Zaxcom was founded in 1986 by Glenn Sanders.  He started Zaxcom after working in post-production and seeing the need for a piece of equipment to create a more efficient workflow, so he created the first TBC System (Time Base Control System) used for video editing.  The TBC System became an industry staple and won the Emmy for outstanding achievement in Engineering Development in 1989-90.

The company then took a different course and began making gear for the professional audio industry.  In 1992, Zaxcom introduced their first full feature digital audio mixer for post-production, the DMX1000.  In 1995, the 6-channel digital mixer, Arria, was introduced.  Arria was expanded in 1998, becoming the Arria HD, an 8-channel expandable digital audio mixer specifically for high definition edit suites and live applications.

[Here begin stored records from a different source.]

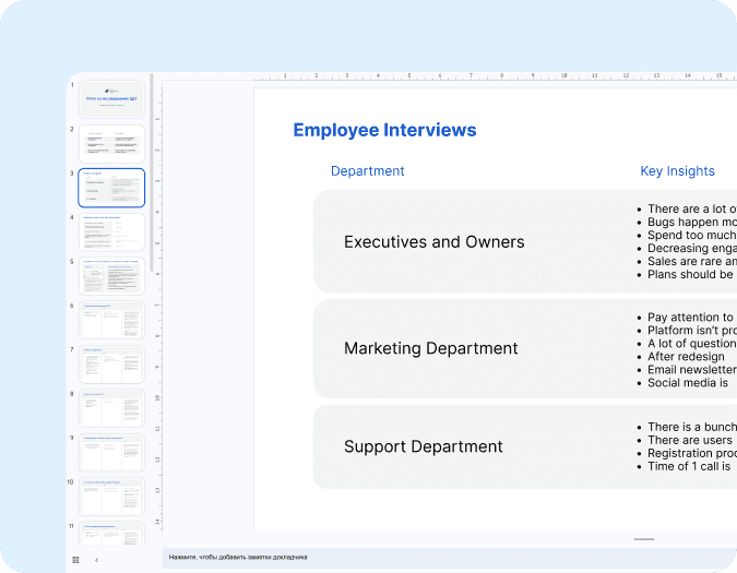 Part of the materials is under NDA. Here is what can be shown: structure, logic, approach, artifacts, and selected screens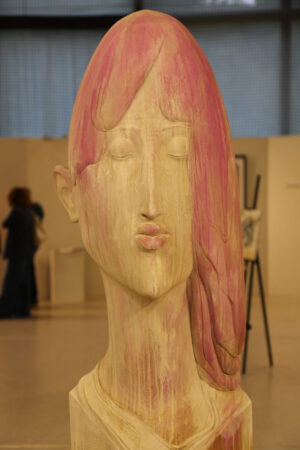 Eine hochaufragende Figur mit geschlossenen Augen, in sanfte Rosa- und Cremetöne gehüllt. Sie wirkt wie aus einer anderen Welt – still, träumerisch, entrückt.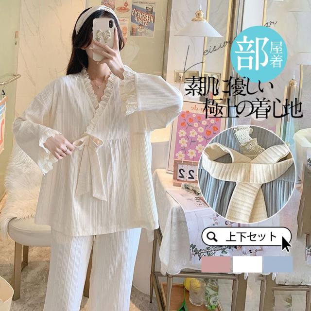 【水曜日まで!10%クーポン配布中】 パジャマ レディース ルームウエア 夏 部屋着 長袖 セットアップ 夏パジャマ レース 肌触り コンフォート カジュアル ナイトウ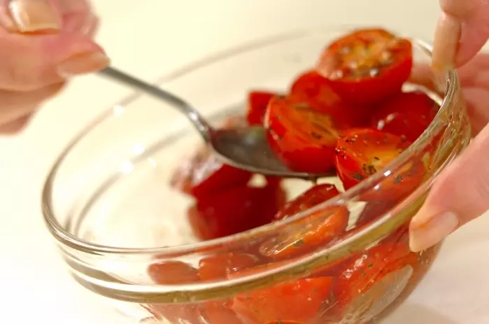 4. <C>のプチトマトは横半分に切り、その他の材料と合わせる。バゲットの上にのせ、器に盛る。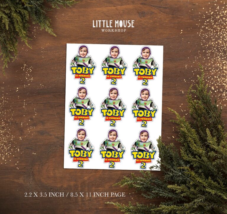 Blast off into an unforgettable celebration with these custom Space Ranger face cupcake toppers, the ultimate addition to any 'Two Infinity and Beyond' or Toy Story-themed birthday bash. Expertly designed to feature your toddler’s smiling face inside the iconic purple and green space suit, these toppers transform a standard dessert table into an intergalactic experience. The design incorporates distinct logo-style typography, shown here with 'Toby Is Turning 2,' capturing the playful energy of the beloved movie franchise. Perfect for parents seeking DIY printable party decor that looks professionally made, these toppers measure approximately 2.2 x 3.5 inches and print seamlessly on standard 8.5 x 11 photo paper. Whether you are celebrating a 2nd birthday or a general space adventure, these personalized photo picks ensure the birthday child remains the star of the galaxy.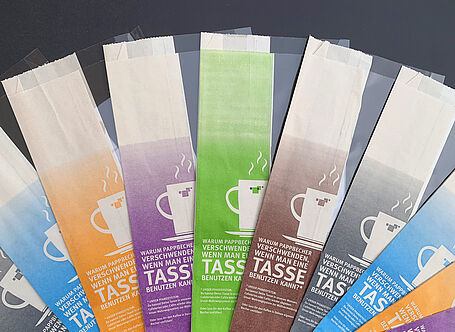 Da unsere Gäste weiterhin Einwegverpackungen nachfragen, bieten wir diese an; wir berechnen jedoch 0,40 € Aufpreis für den Einweg-Kaffeebecher►. Außerdem produzieren wir die Einwegverpackung so nachhaltig wie möglich. Deshalb werden unsere Einweg-Kaffeebecher aus FSC-Mix Papier mit erneuerbarer CPLA-Beschichtung hergestellt, bestehen aus zu 100 % nachwachsenden Rohstoffen und sind in industriellen Anlagen kompostierbar►.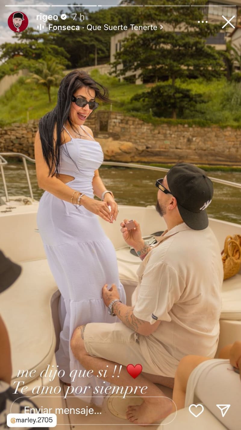 A través de redes sociales, el cantante compartió algunas postales del emotivo momento. Tal como se puede ver, Rigeo le pidió matrimonio a su novia mientras estaban de paseo en un yate.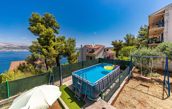 This spacious, modern and functionally furnished vacation home consists of three separate living units. The floors are connected by outdoor stairs. Enjoy the surroundings with the fantastic view from several terraces and explore the nearby beaches, which are only 200 m from the apartments. An opportunity for swimming on the cliffs is only 30 m away. The historic town of Trogir, a World Heritage Site, and Split International Airport are nearby. You can find refreshment in the swimming pool. The parking place is about 80 m above the house.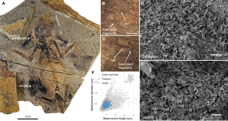 图3:双钵翔齿兽(Vilevolodon diplomylos)化石毛发结构与黑素体几何形态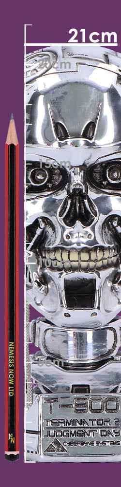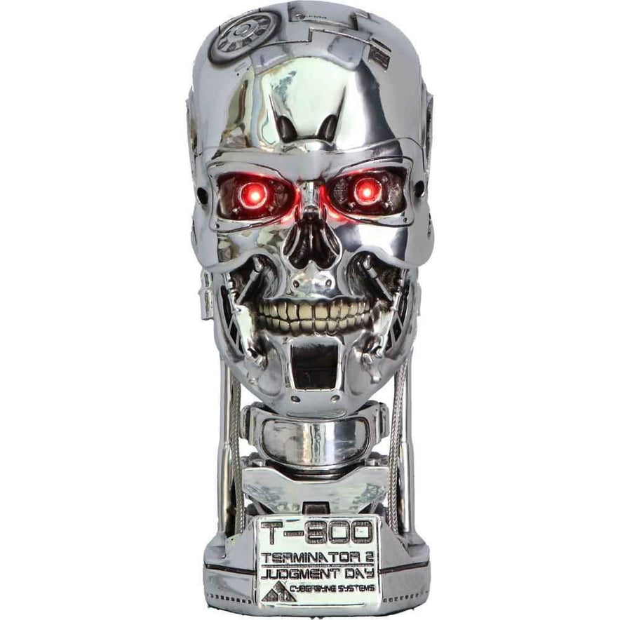 This officially licensed T-800 Terminator Light Up Figurine from Terminator 2: Judgment Day is a 21cm display head featuring a hand-painted metallic skeleton with battery-powered LED red eyes and a glowing skull!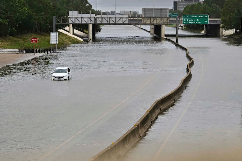 A vehicle is stranded in high waters on a flooded highway at I10 and Washington in Houston, on Monday, July 8, 2024, after Beryl came ashore in Texas as a hurricane and dumped heavy rains downtown. | Maria Lysaker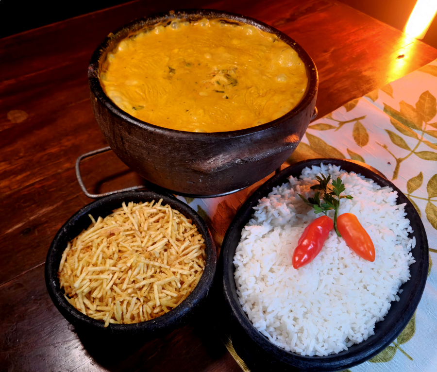 Camarão, creme especial, palmito, champignon, arroz branco e batata palha.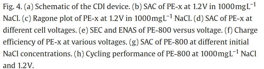 脱盐性能测试表明,PE-800电极在1.2 V工作电压下实现了99.09 mg g⁻¹的盐吸附容量。其在多种电压条件下均保持较高的脱盐效率,且随着电压提升,脱盐容量呈现稳定增长趋势。该电极在不同初始盐浓度条件下均表现出良好的适应性,经过多次循环后仍保持稳定的脱盐性能,容量保持率良好。同时,该电极在整个脱盐过程中表现出较低的能量消耗,体现了其在实际应用中的能效优势。这些性能特征与其独特的孔道结构和表面性质密切相关。

In 1996, Zaxcom began work in the field they are in today, Location Audio.  Glenn Sanders, President, and Howard Stark, Chief Engineer, designed, developed and manufactured the Deva, the first 4-channel portable hard disk recorder.  Deva has since changed the way professional location recording is done.

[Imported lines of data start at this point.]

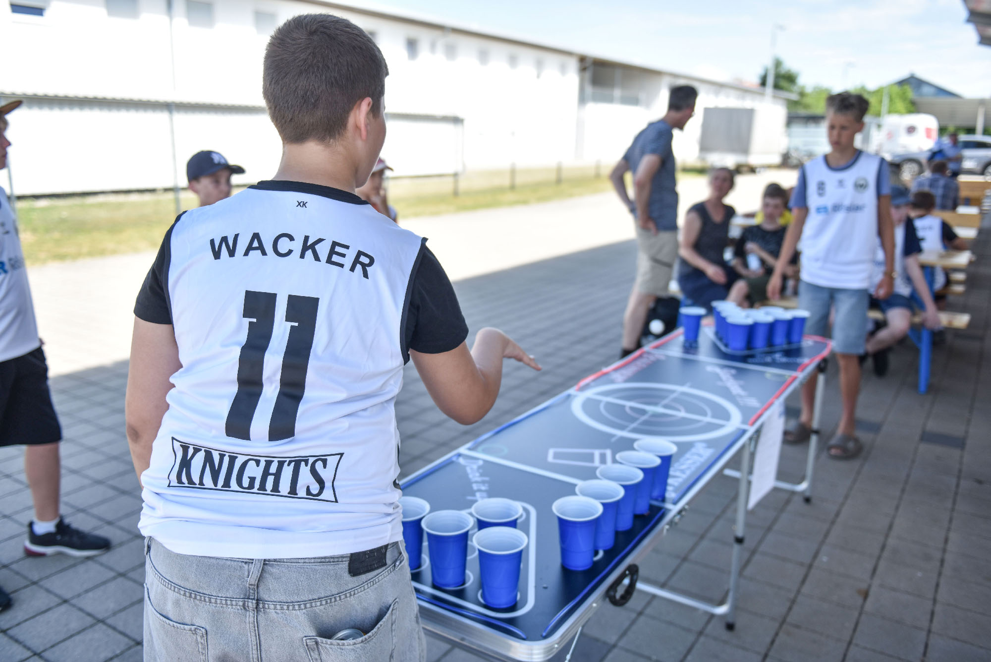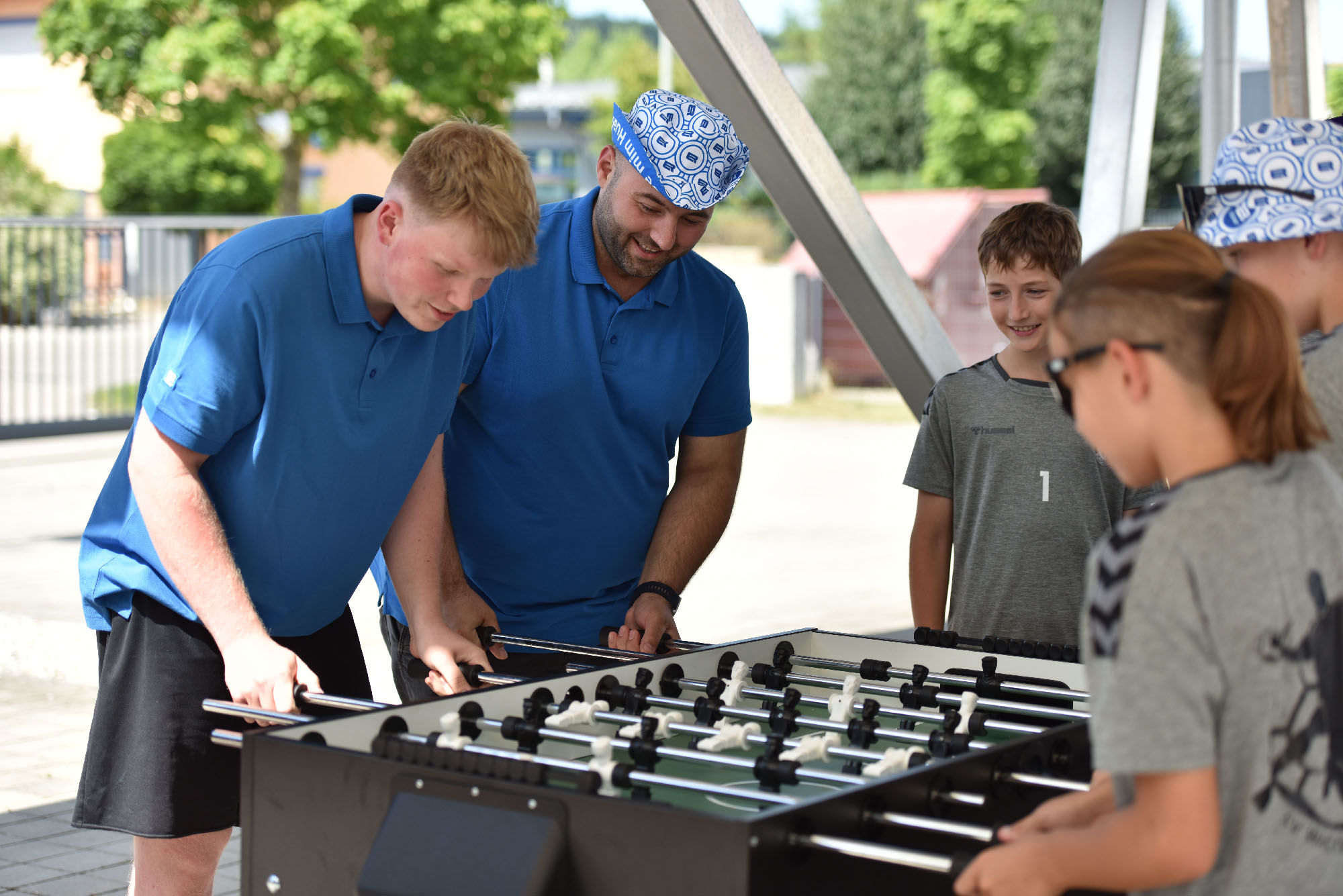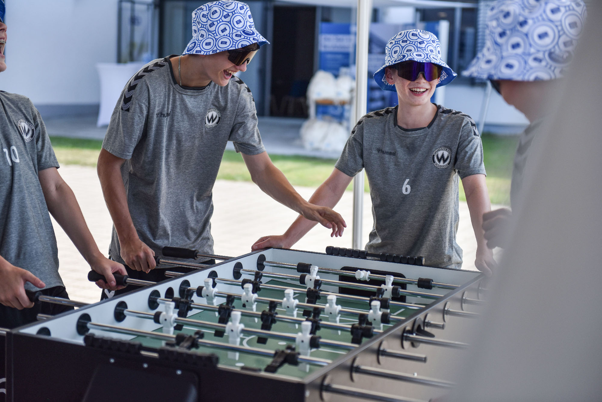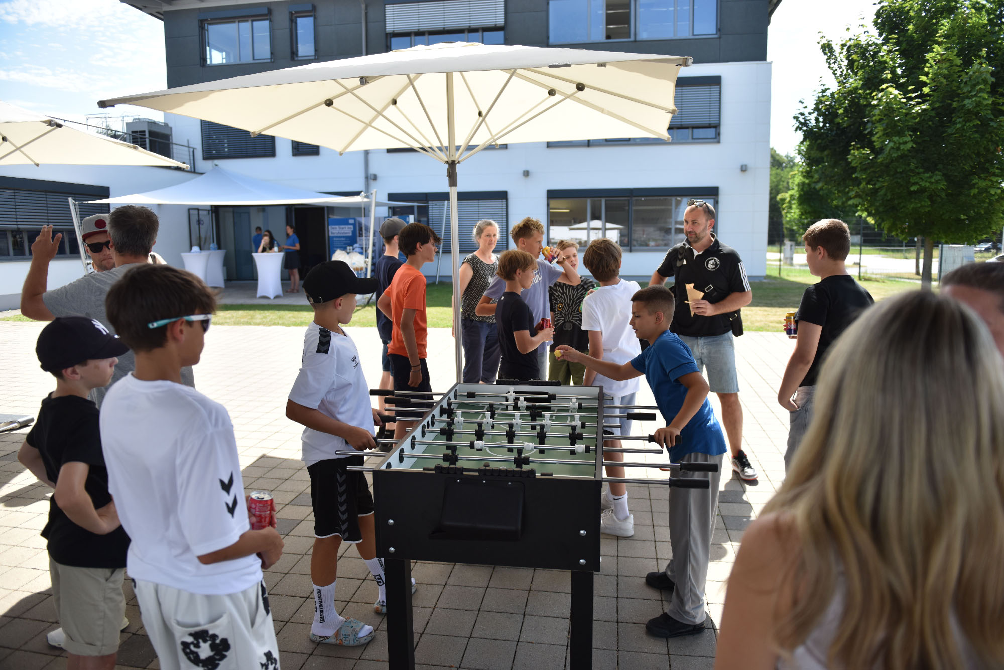 Schon beim Ankommen der Mannschaften herrschte gute Stimmung. Azubis und Kollegen von Elektro Rösler kümmerten sich engagiert um die jungen Sportler, spielten gemeinsam Kicker und „No-Beer-Pong“ und sorgten so für einen lockeren Start in den Nachmittag.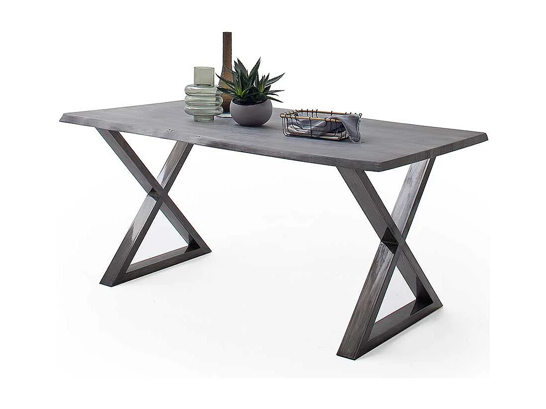 Holztisch Esstisch mit X Gestell und natürlicher Baumkante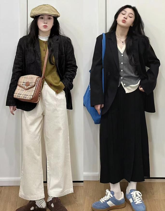 今年秋冬最流行的外套,又怎能少了一件西裝外套呢?不管是黑色,還是灰色,都是很值得入手的,寬鬆版型的黑色西裝,可真的一點都不挑身材。下裝可以搭配褲子,也可以配裙子,內搭利用起疊穿,應對寒冷的秋冬正合適。

In 1999, two digital mixers were released, the Cameo LRC and Cameo SV.

2001 brought the Zaxcom Digital Wireless to the market.  It was the first time digital modulation was used on a professional bodypack wireless system.

At the 75th Annual Academy Awards in March 2003, The Academy of Motion Picture Arts and Sciences presented a Scientific and Engineering Award Academy Plaque to Glenn Sanders and Howard Stark of Zaxcom for the concept, design and engineering of the portable Deva Digital Audio Disk Recorder.  The plaque reads “This innovative design employs advanced hard disk recording technology and digital audio techniques for use in both production and post-production recording applications.”

That summer, Zaxcom moved from Midland Park, NJ to their current facility in Pompton Plains, NJ.  The space grew to accommodate their growing staff and production line.

In 2004, the next generation of Deva was released – the Deva IV & Deva V.  They boast an intuitive color touch screen, an optional internal DVD-RAM drive and can record up to 10 tracks of audio.  Stereo ENG wireless was also released.  For the first time you could transmit two channels of audio using one transmitter and one receiver, making the perfect bag to camera link.

In 2006, Zaxcom released the Deva Mix-12, a mixing panel for the Deva IV or V and their second generation of wireless, the TRX series, featuring recording wireless microphones.